In the late 1950s, Mamedov edited The USSR, a Soviet English-language magazine intended for a US audience – the Soviet counterpart of the Amerika magazine. He also visited the US on a number of public relations missions.

===Media management===
Enver Mamedov was appointed the Deputy Chairman of the State Committee for Radio and Television in 1962, and occupied this post from the late days of Nikita Khrushchev administration and throughout the Leonid Brezhnev era. Together with Alexander Yakovlev, he is credited with the creation in August 1964 of Radio Mayak, a national news and music radio broadcasting channel meant to compete with the Western radio stations broadcasting to Russia.

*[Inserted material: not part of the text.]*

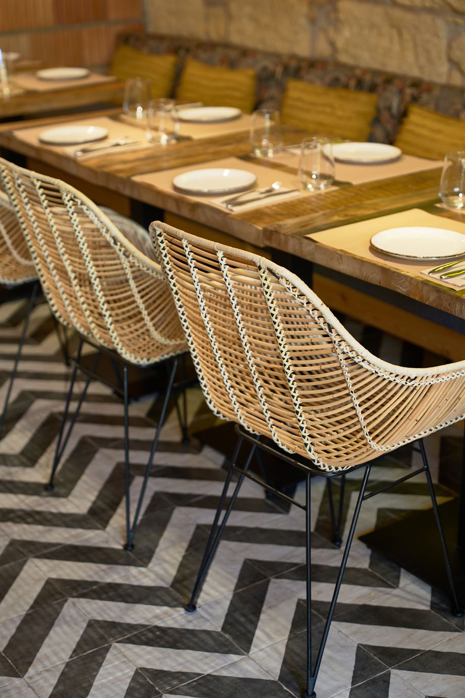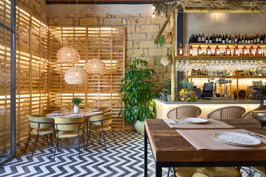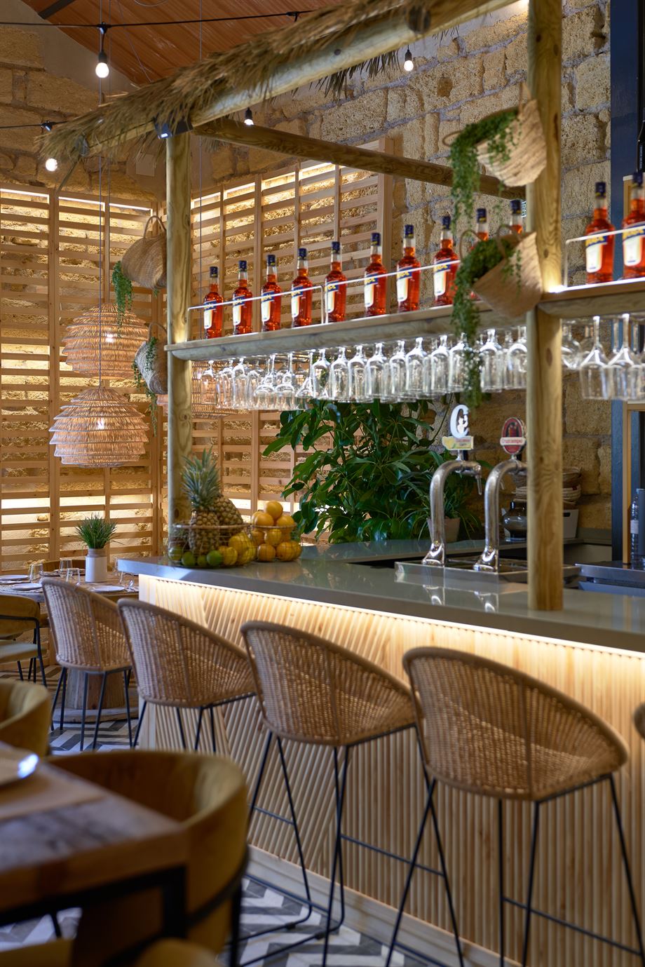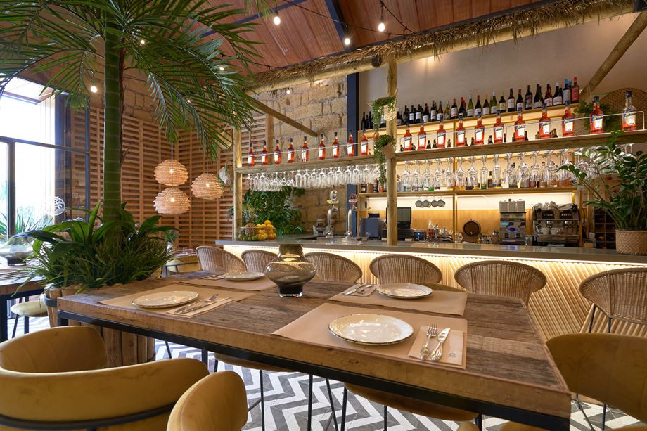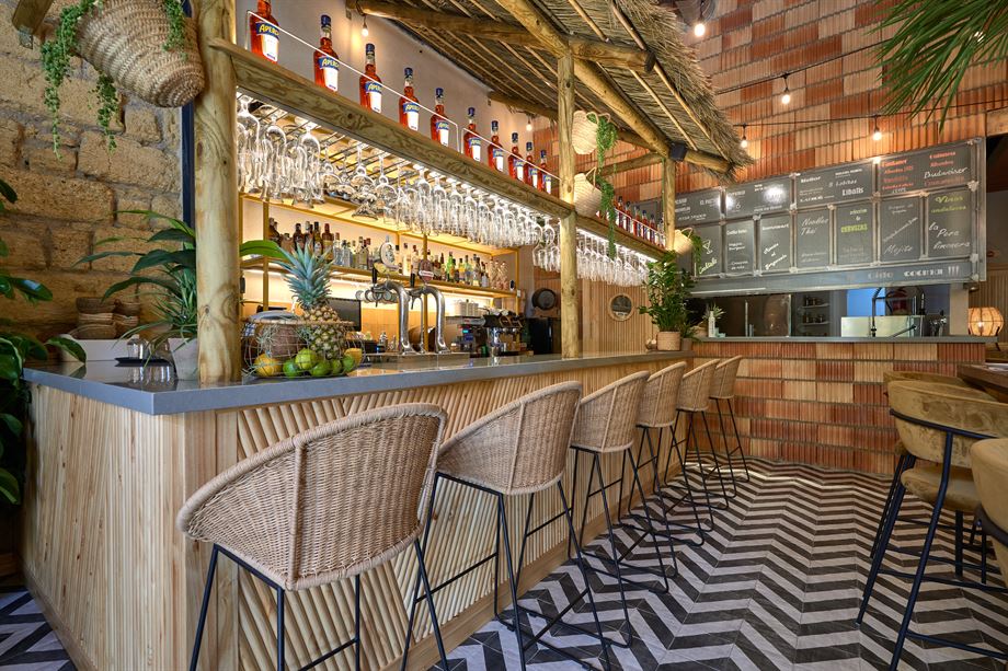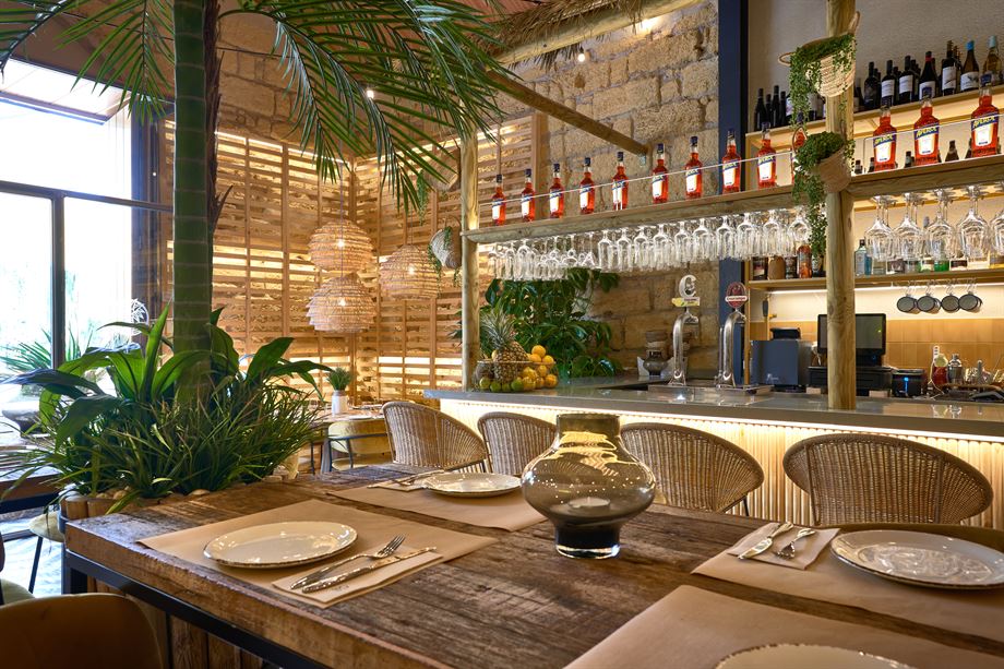 Organic materials have been used in the construction (such as cane for the bar and untreated wood for walls and finishes) and with a rustic touch, leaving the walls with exposed brick.
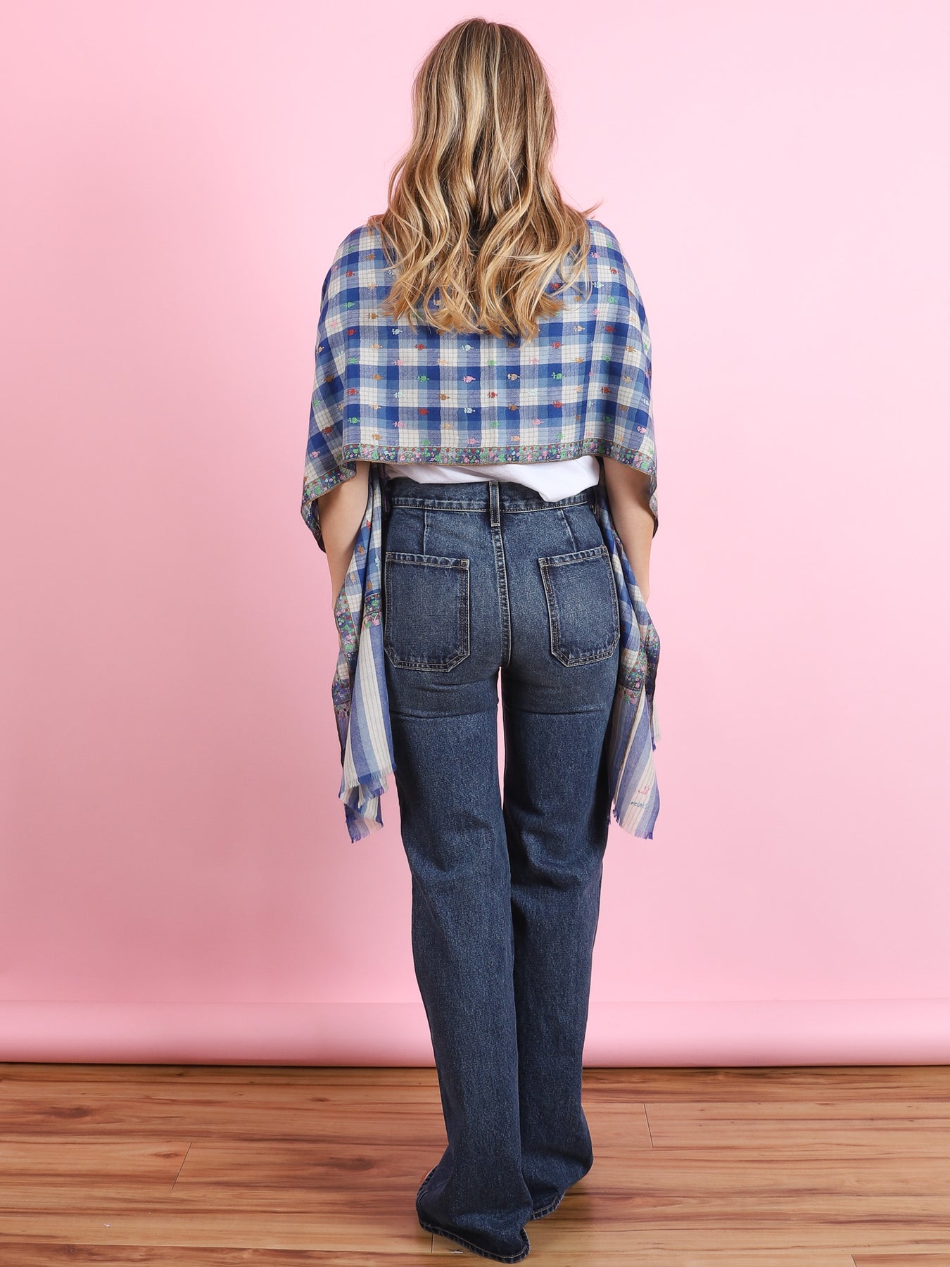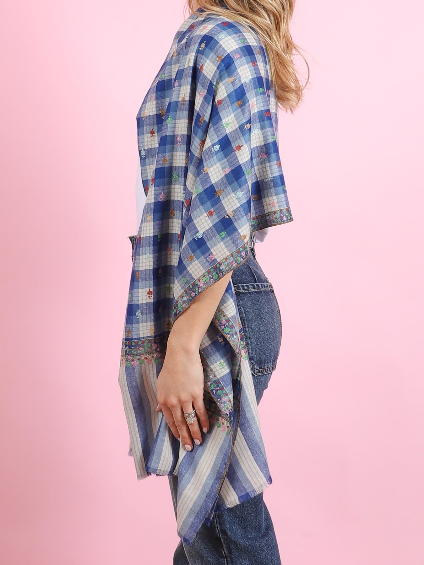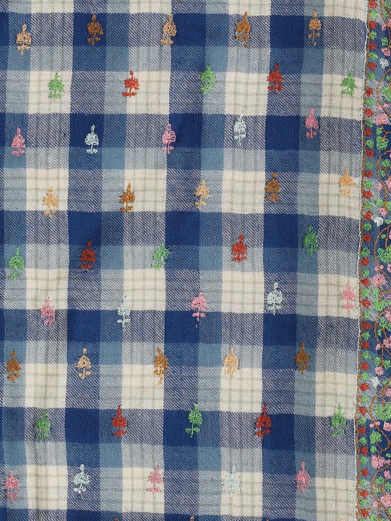 Blue & Cream Check Embroidered Yaser Shawl - CabanaCanary

From 1970 to 1985, he was directly in charge of Soviet television, being second in command to the Gosteleradio chief Sergey Lapin.

At the time of his 85th birthday in 2008, Enver Mamedov still was an adviser to the Director General of RIA Novosti.

==Personal life and death==
Enver Mamedov's son, Georgiy Mamedov, is a Russian diplomat, who served as Russia's ambassador to Canada between 2003 and 2014. Through him, he has a granddaughter, Tatiana Mamedova, who is an artist, film costume and fashion designer living in Moscow.

Mamedov died on 7 September 2023, at the age of 100.